Le tour de la France par deux enfants
de G. Bruno

critiqué par Numanuma, le 27 janvier 2012
(Tours - 51 ans)


La note:  étoiles
La France au tableau
Avant tout, il faut imaginer. Les pupitres sont alignés dans la salle de classe, le poêle, au fond, ronronne doucement. Les encriers ont été remplis ce matin par monsieur l’instituteur. Au tableau, la date du jour écrite joliment avec des pleins et des déliés, un peu plus bas, une sentence moralisatrice destinée à élever l’esprit. Au mur, des cartes de la France, l’une avec sa division administrative, une autre avec ses cours d’eau. Le long d’un mur, une petite bibliothèque.
Pour le moment, la classe est vide, calme. Les élèves sont alignés dans la cour, pour l’appel. Les blouses ont été lavées, les ardoises, les cahiers, les plumes, tout est prêt pour le grand jour. Pour certains, c’est la première journée d’école. Pour d’autres, il n’y aura plus d’autres années d’école après celle-là. Nous sommes en 1878, les stigmates de la défaites de 1870 sont encore visibles parfois dans les villages alentours.
Enfin, il faut entrer, prendre place, se taire et écouter. Cette année, monsieur l’instituteur a un nouveau livre pour faire classe. Il ne le sait pas mais ce livre, Le Tour de France par deux enfants, est appelé à un avenir radieux. Des générations complètes d’enfants apprendront la France grâce à ces pages.

Un peu d’histoire avant tout. L’auteur, G. Bruno, pseudonyme choisi en hommage au philosophe italien Giordano Bruno, est une femme, Mme Guyau. Il prend le lecteur par la main et l’invite à suivre les deux enfants du titre, André et Julien, à travers leur voyage en France.
André, 14 ans, c’est l’aîné, logique, andros signifiant homme en grec. Il est le guide, le père de substitution mais aussi la mère, celle-ci étant morte jeune, celui-là décédé tout récemment suite à un accident de travail. Julien, 7 ans, est son petit frère et tout deux, pour répondre aux dernières volontés du père, désirent rester français. Ils quittent alors Phalsbourg, gagnée par les Allemands suite à la défaite de Napoléon III et commencent ainsi un long voyage jusqu’à Marseille pour y retrouver leur oncle.
Julien est bon élève, toujours prêt à apprendre, obéissant, courageux.
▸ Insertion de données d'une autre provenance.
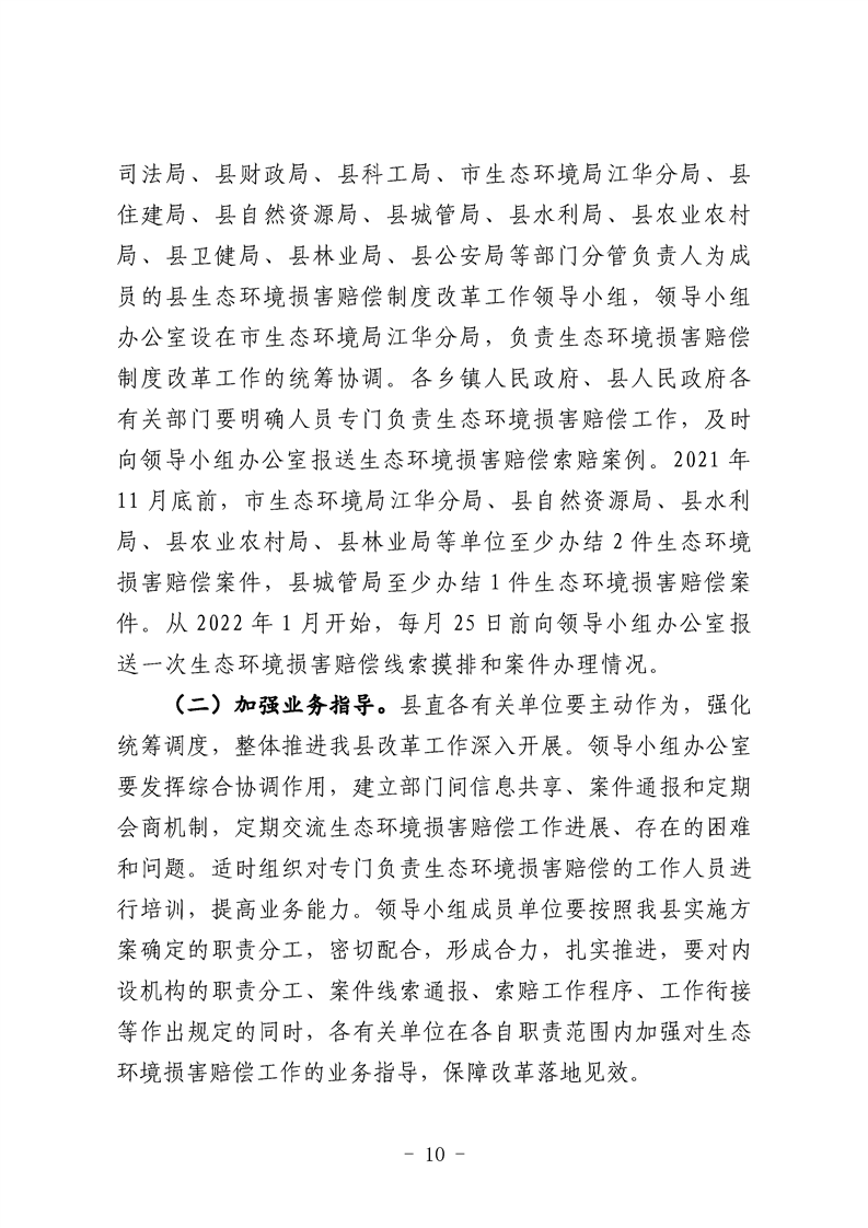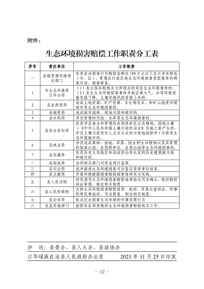 江华瑶族自治县人民政府办公室关于印发《江华瑶族自治县生态环境损害赔偿制度改革实施方案》的通知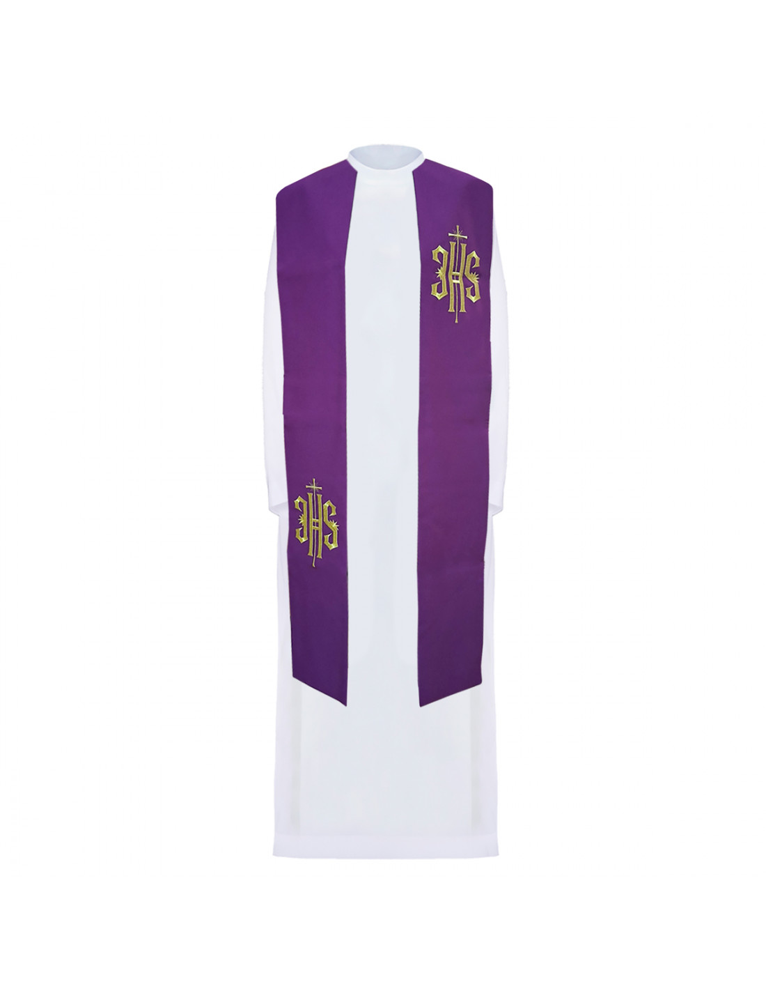 Estola Bordada Jhs Con Cruz Larga A Dos Alturas Morada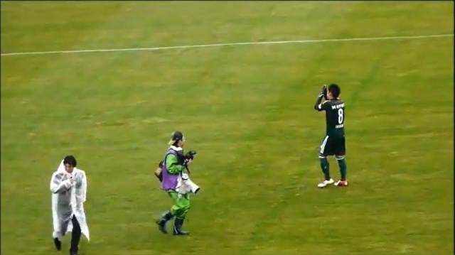 試合後、湘南のサポーターに挨拶し、チャントを歌ってもらい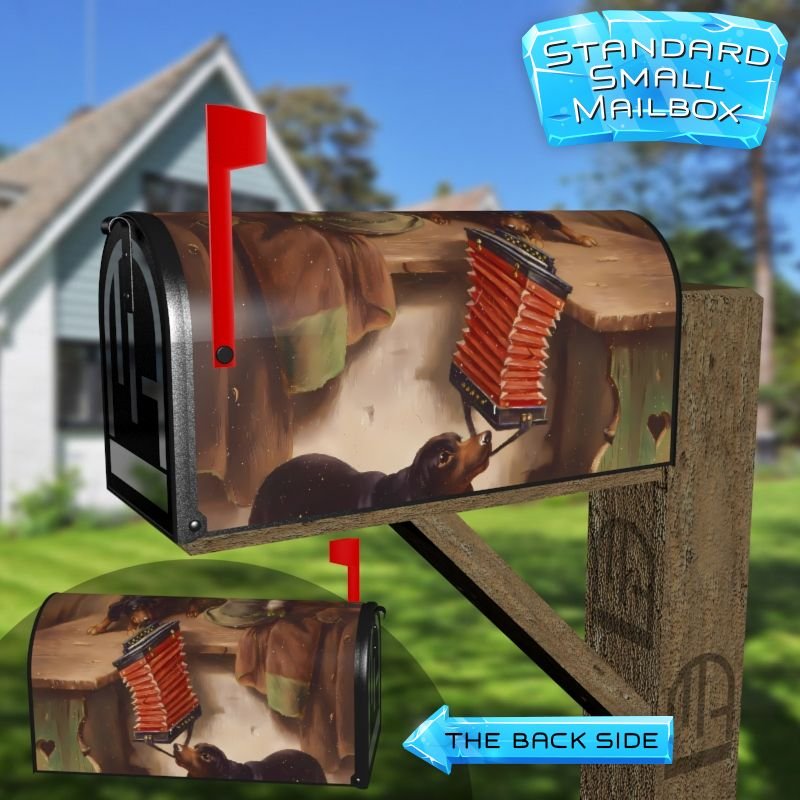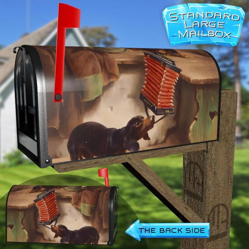 Dressing up your rural farm mailbox with the How it Will End by L. Riedler Hunde mailbox cover is an easy way to convert it into a unique and special item. These covers require a smooth surface, so they are compatible with rural farm mailboxes that do not have any embossed decorations or signs. Magnetic mailbox covers work with steel boxes only, while self-adhesive vinyl covers are available for aluminum, plastic and steel boxes. If your mailbox is not compatible with these covers, you can purchase a brand new mailbox with a preinstalled cover. Additionally, you have the option to create a custom rural farm mailbox cover with your own pictures, name, street number, etc.

Il représente une sorte d’idéal à atteindre pour le petit français.
Ce livre se situe à une période cruciale de l’enseignement en France. Publié la première en 1877, il expose des vues très patriotiques marquées par la défaite. Ce n’est pas pour rien que l’histoire est un tour de France, à pied. Une des raisons invoquées de la défaite face à l’Allemagne, c’est une faible connaissance de notre géographie. De fait, la géographie est devenue la matière reine de la III eme République. Au fil du livre, les régions, les villes, les préfectures, les sous-préfectures s’alignent comme à la parade, les fleuves, les routes sont les passeurs d’une France au climat tempéré où l’on trouve de tout en abondance, où les hommes sont instruits et industrieux. Les portraits d’homme célèbres, dans les arts, les sciences, l’administration ou la guerre, entrecoupent le récit.
Mais la grande affaire de ce livre c’est si la France est partout, les mots de patrie, nation ou république sont cités régulièrement, ils ne sont expliqués jamais. La France est formée de ses composantes humaines, géologiques, agricoles, industrielles, administratives mais point de politique. Mais laïque. On est presque dans une sorte de rêve républicain qui revêt parfois des atours désormais revus à la baisse (nos ancêtres les Gaulois) ou carrément douteux (la race blanche est la plus parfaite de toutes).

Difficile de résister au charme désuet de ce manuel, ah, cette police de caractère typique d’une époque, ah ces vignettes illustrant le texte, même si le fond patriotique et franchement moralisateur est au mieux pesant, au pire niais dans son expression: « appliquez-vous au travail, instruisez vous, soyez bons et généreux ; que tous les enfants de la France en fassent autant et notre patrie sera la première de toutes les nations ». Difficile de ressortir une phrase pareille dans une salle de classe bondée du 93… Tant pis, tant mieux, je ne sais. Reste que ce petit bouquin demeure un témoignage important d’une époque charnière pour l’enseignement en France, l’époque de Jules Ferry.